Beginning with the line that contains "Мы подключим Яндекс.метрику", retype the entries below exactly, ending with the line that contains "Modern birds on". Leave out any pictures.

- DATA PROVIDED -
- - - - -

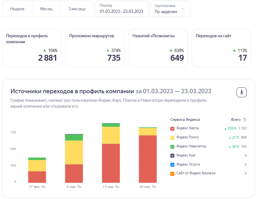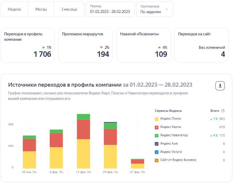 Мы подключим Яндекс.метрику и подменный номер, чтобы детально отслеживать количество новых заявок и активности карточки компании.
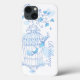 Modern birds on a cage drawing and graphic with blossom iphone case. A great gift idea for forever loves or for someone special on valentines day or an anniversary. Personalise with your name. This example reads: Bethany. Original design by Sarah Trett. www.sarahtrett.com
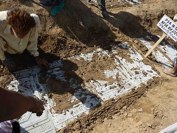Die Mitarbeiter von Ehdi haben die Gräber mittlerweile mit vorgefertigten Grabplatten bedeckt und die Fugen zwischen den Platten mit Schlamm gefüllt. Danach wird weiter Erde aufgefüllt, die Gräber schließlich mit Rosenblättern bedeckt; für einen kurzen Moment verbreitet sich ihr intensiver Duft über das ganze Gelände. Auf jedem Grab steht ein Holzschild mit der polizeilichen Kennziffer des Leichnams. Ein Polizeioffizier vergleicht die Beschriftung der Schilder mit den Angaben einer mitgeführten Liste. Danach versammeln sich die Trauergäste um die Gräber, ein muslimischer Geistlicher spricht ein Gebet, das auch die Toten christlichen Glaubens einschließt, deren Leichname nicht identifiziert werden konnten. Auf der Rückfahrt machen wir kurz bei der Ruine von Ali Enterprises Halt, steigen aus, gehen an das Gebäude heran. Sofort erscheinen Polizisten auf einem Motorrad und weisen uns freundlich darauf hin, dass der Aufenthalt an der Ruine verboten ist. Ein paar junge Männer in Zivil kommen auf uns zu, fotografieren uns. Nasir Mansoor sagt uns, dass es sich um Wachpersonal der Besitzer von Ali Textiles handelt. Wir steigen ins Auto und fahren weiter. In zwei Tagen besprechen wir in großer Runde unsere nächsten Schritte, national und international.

- - - - -

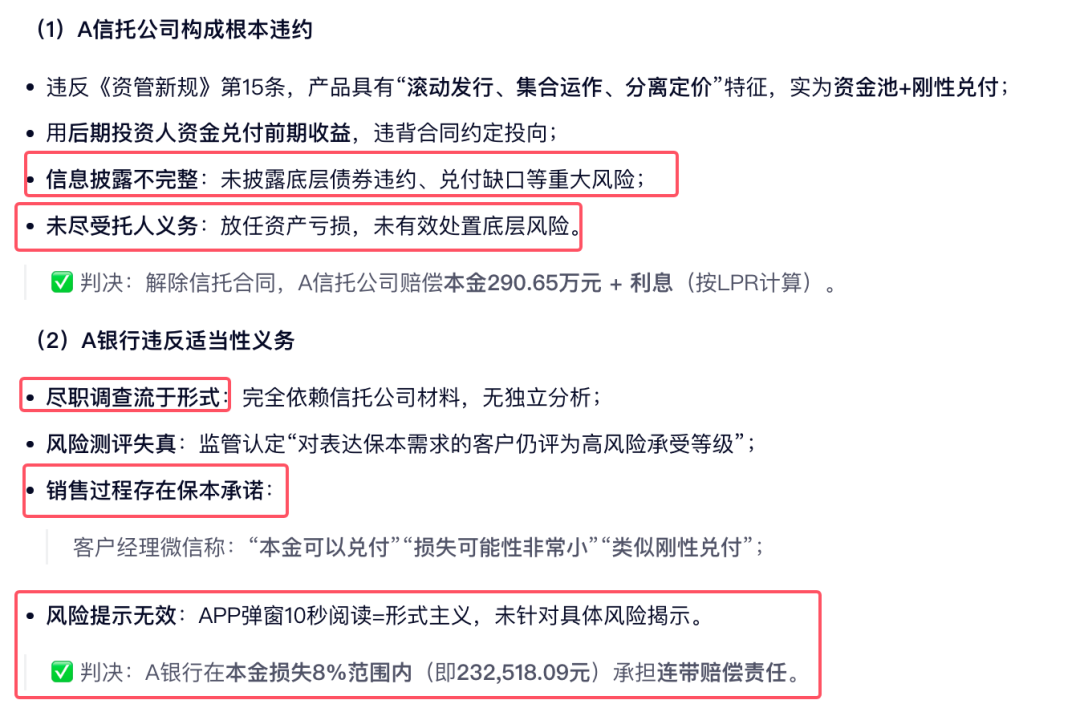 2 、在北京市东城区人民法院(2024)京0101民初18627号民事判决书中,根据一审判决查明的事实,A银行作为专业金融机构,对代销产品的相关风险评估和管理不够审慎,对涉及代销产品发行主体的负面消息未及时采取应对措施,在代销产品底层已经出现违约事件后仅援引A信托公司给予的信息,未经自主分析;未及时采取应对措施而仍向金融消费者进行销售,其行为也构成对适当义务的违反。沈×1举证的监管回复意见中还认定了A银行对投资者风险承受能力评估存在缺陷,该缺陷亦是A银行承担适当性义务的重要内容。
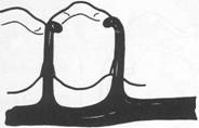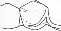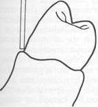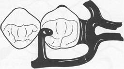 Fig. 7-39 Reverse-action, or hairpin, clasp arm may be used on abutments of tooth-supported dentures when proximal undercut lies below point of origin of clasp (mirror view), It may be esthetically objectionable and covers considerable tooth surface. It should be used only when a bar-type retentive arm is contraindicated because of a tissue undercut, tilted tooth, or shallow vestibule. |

- - - - -

- RESULT OF THE TASK -
 Мы подключим Яндекс.метрику и подменный номер, чтобы детально отслеживать количество новых заявок и активности карточки компании.
 Modern birds on a cage drawing and graphic with blossom iphone case. A great gift idea for forever loves or for someone special on valentines day or an anniversary. Personalise with your name. This example reads: Bethany. Original design by Sarah Trett. www.sarahtrett.com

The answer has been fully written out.